Friday, April 19, 2002

The US's lopsided approach to the Palestinian conflict


When the US President George Bush, apparently in anguish, bluntly asked Israel to withdraw its forces from the Palestinian areas without any delay and announced in an emergency press conference to dispatch Colin Powell to the region in a bid to find ways and means essential for quelling the ongoing macabre violence, many sensed a positive change in the US attitude towards the Palestinian conflict, believing that Powell's visit would bring a cease-fire and might help scoop up the region from the bloody morass it finds itself in.

But such hopes soon evaporated following the meeting of Powell with Ariel Sharon that ended without an agreement on the withdrawal of Israeli forces from the Palestinian area.

No doubt, Powell's statements regarding the conflict sounded somewhat logical.
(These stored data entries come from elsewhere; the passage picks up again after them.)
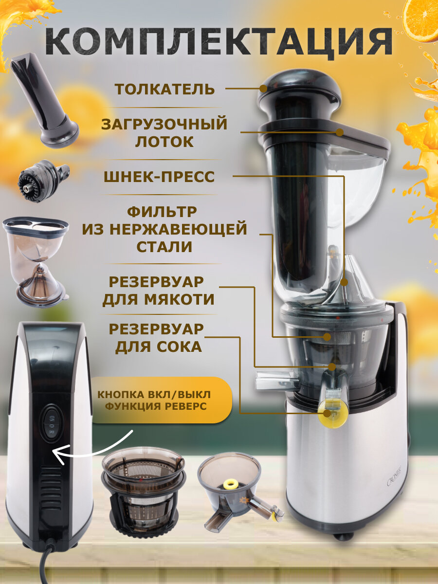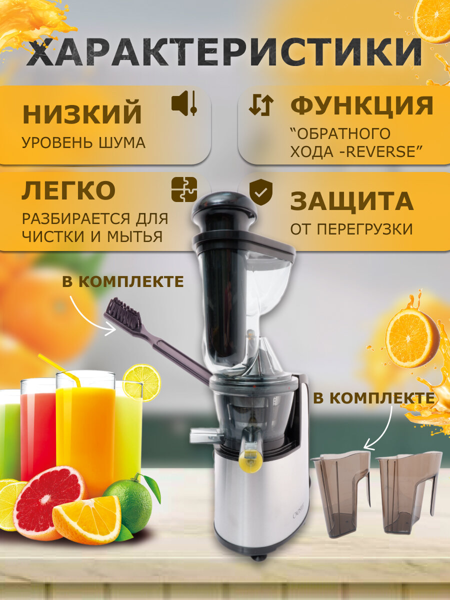 Соковыжималка шнековая, защита двигателя от перегрузки, широкое отверстие для фруктов , 350вт, антикапельная система, реверс информация:
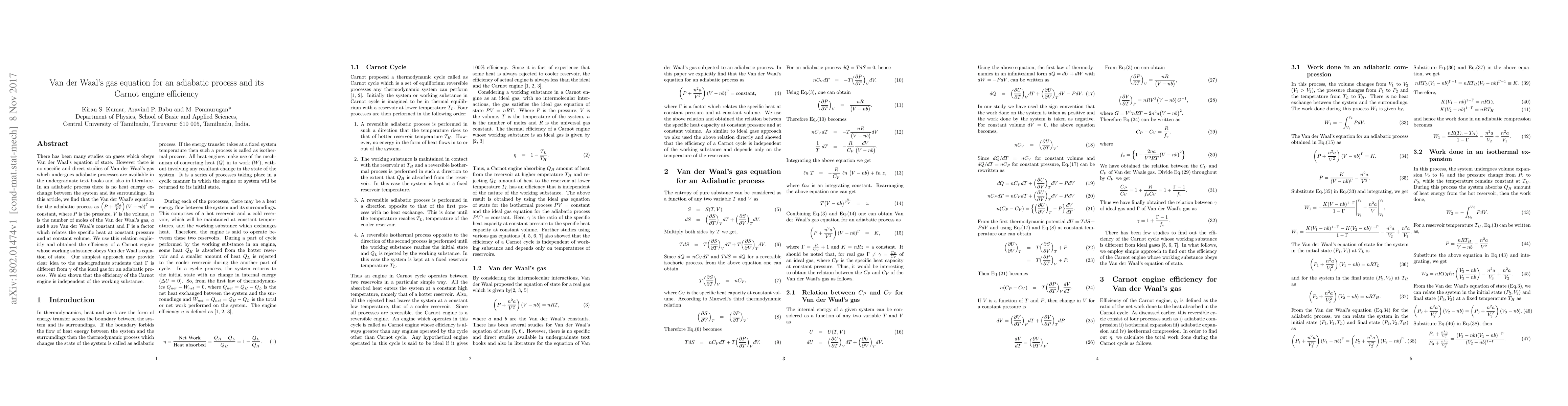 There has been many studies on gases which obeys Van der Waal's equation of state. However there is no specific and direct studies of Van der Waal's gas which undergoes adiabatic processes are available in the undergraduate text books and also in literature. In an adiabatic process there is no heat energy exchange between the system and its surroundings. In this article, we find that the Van der Waal's equation for the adiabatic process as $\left(P+\frac{n^2a}{V^2}\right) \left(V-nb\right)^{\Gamma}=\mbox{constant}$, where $P$ is the pressure, $V$ is the volume, $n$ is the number of moles of the Van der Waal's gas, $a$ and $b$ are Van der Waal's constant and $\Gamma$ is a factor which relates the specific heat at constant pressure and at constant volume. We use this relation explicitly and obtained the efficiency of a Carnot engine whose working substance obeys Van der Waal's equation of state. Our simplest approach may provide clear idea to the undergraduate students that $\Gamma$ is different from $\gamma$ of the ideal gas for an adiabatic process. We also shown that the efficiency of the Carnot engine is independent of the working substance.
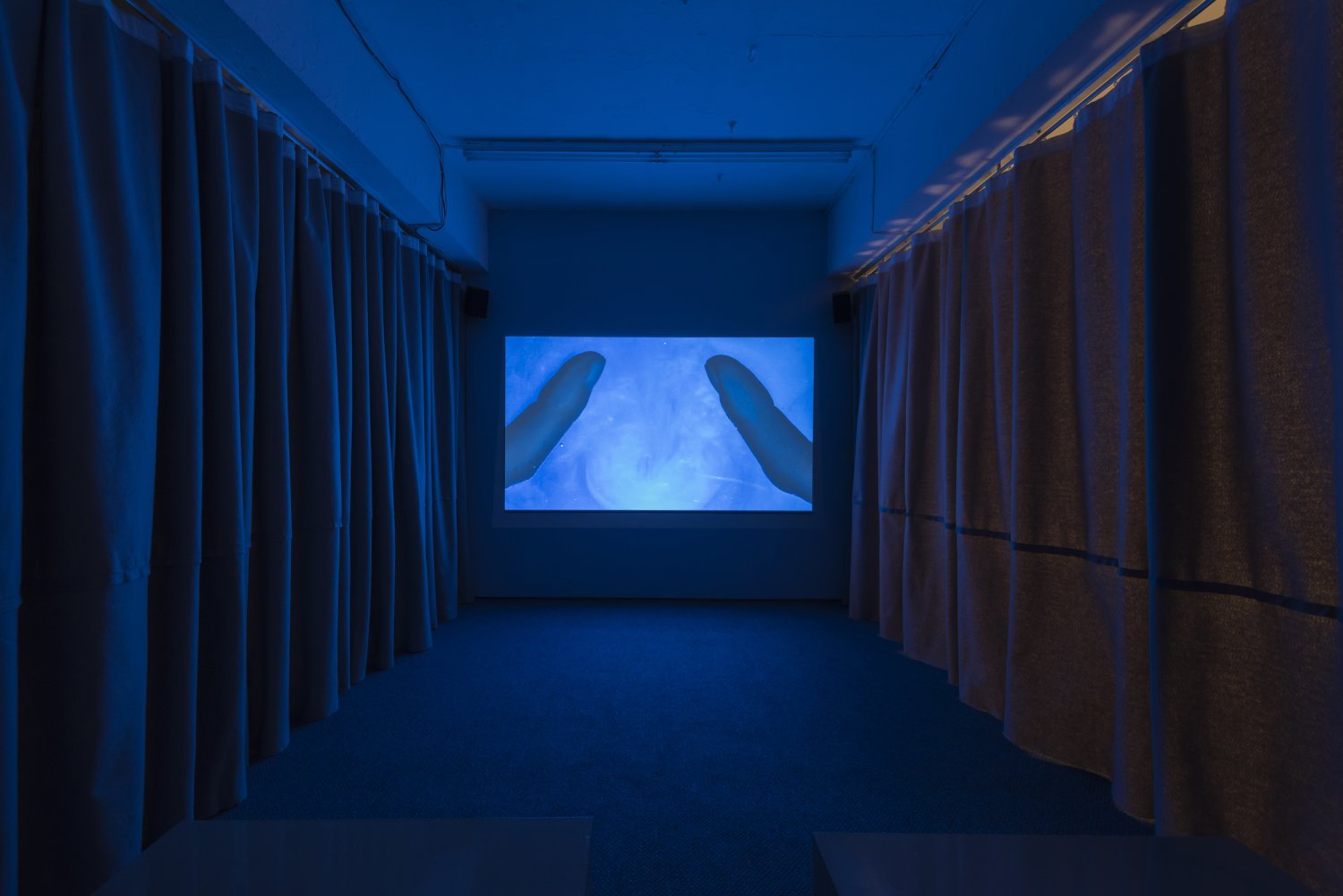 Marianna Simnett, ‘Blue Roses’ (2015). Installation view. Photo by Damian Griffiths. Courtesy the artist + Seventeen, London.
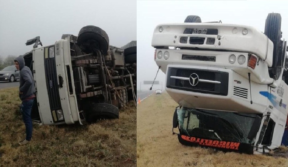 No hubo heridos por el siniestro, pero los camiones quedaron dañados severamente por el vuelco que llamativamente fue a pocos metros de distancia uno del otro, sin que choquen entre sí.
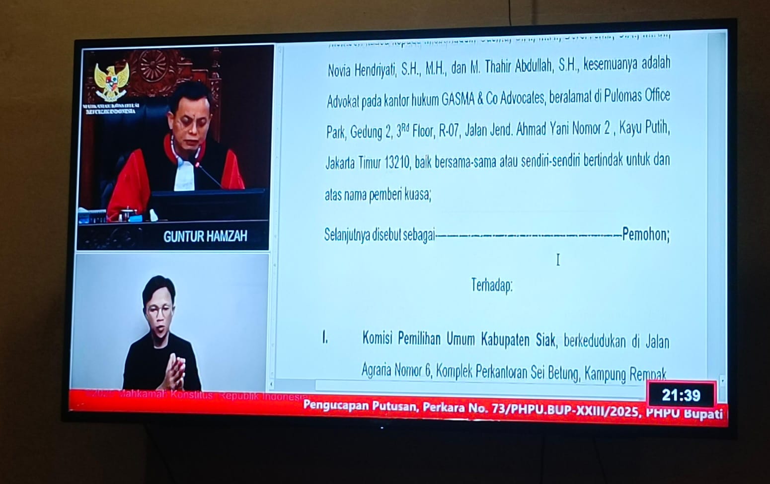 Sidang putusan PHPU Pilkada Kabupaten Siak dipimpin oleh Hakim Guntur Hamzah. Perkara dengan nomor 73/PHPU.BUP-XXIII/2025 ini dimulai pukul 21.40 WIB. Dalam putusannya, MK menolak eksepsi dari pihak termohon dan pihak terkait secara keseluruhan serta mengabulkan sebagian permohonan dari pemohon.

He issued a statement calling on Israeli forces in the West Bank to exercise the utmost restraint and discipline and refrain from the excessive use of force, repeating declarations of his support for a Palestinian state and advising Israel that hunting down terrorists would not provide security without seeking a political approach to the conflict.

But faced with yet another defiance by the Israeli Prime Minister Ariel Sharon and a suicide attack by a Palestinian woman, his somewhat rational posture turned as hawkish as to match the views possessed by the fanatic hawks of the Bush administration.